Yafeng Yin Department of Civil and Environmental Engineering, University of Michigan, Ann Arbor
 

Biography

Dr. Yafeng Yin is the Donald Cleveland Collegiate Professor of Engineering and the Donald Malloure Department Chair of Civil and Environmental Engineering at the University of Michigan, Ann Arbor. His research focuses on analyzing and improving multimodal transportation systems to enhance efficiency, resilience, and environmental sustainability. He is currently working on developing innovative mobility solutions and services through advancements in vehicle connectivity and automation. Dr. Yin has authored over 150 peer-reviewed papers in leading academic journals. He served as Editor-in-Chief of Transportation Research Part C: Emerging Technologies from 2014 to 2020 and currently holds editorial roles as an Area Editor for Transportation Science and an Associate Editor for Transportation Research Part B: Methodological. His contributions have been recognized with awards such as the Monroe-Brown Foundation Education Excellence Award from the University of Michigan's College of Engineering and the Doctoral Mentoring Award from the University of Florida. He has also received the Outstanding Leadership Award from the Chinese Overseas Transportation Association (COTA) and several paper awards, including the Stella Dafermos Best Paper Award, the Ryuichi Kitamura Paper Award, and the Kikuchi-Karlaftis Best Paper Award from the Transportation Research Board of the National Academies of Sciences, Engineering, and Medicine. Dr. Yin earned his Ph.D. from the University of Tokyo in 2002 and his master’s and bachelor’s degrees from Tsinghua University in 1996 and 1994, respectively.

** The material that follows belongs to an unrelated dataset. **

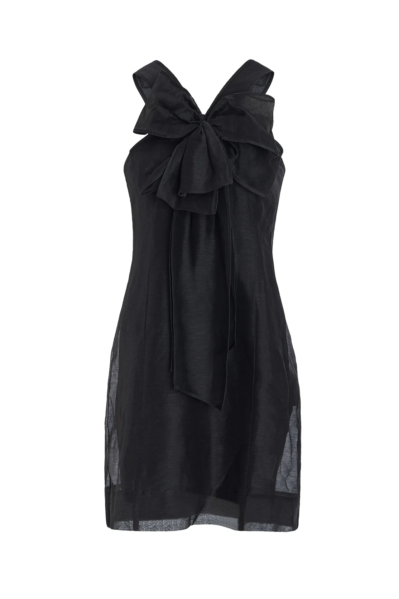 The Lila mini in classic black is a proper party dress with an oversized bow at the neck that adds playfulness and sophistication to a timeless LBD.

Title: Leveraging Vehicle Trajectories for Traffic Network Equilibrium Modeling

Recent advances in connected vehicle technology and crowd-sourced navigation platforms have generated abundant vehicle trajectory data. This talk introduces a scalable, trajectory-based system for diagnosing and improving urban traffic networks. Leveraging vehicle trajectory and open-source data, we construct traffic network equilibrium models by calibrating route choice behavior, link performance functions, and origin-destination trip demand. These "light-duty" models are suited for analyzing traffic networks and prescribing short-term transportation improvement projects or policies. Rather than aiming for absolute predictive accuracy, the system emphasizes decision-relevant accuracy to ensure effective and actionable insights. By minimizing reliance on costly local data collection, this approach democratizes access to advanced traffic diagnostics. The resulting system provides a practical and deployable tool for data-driven traffic network analysis and decision-making.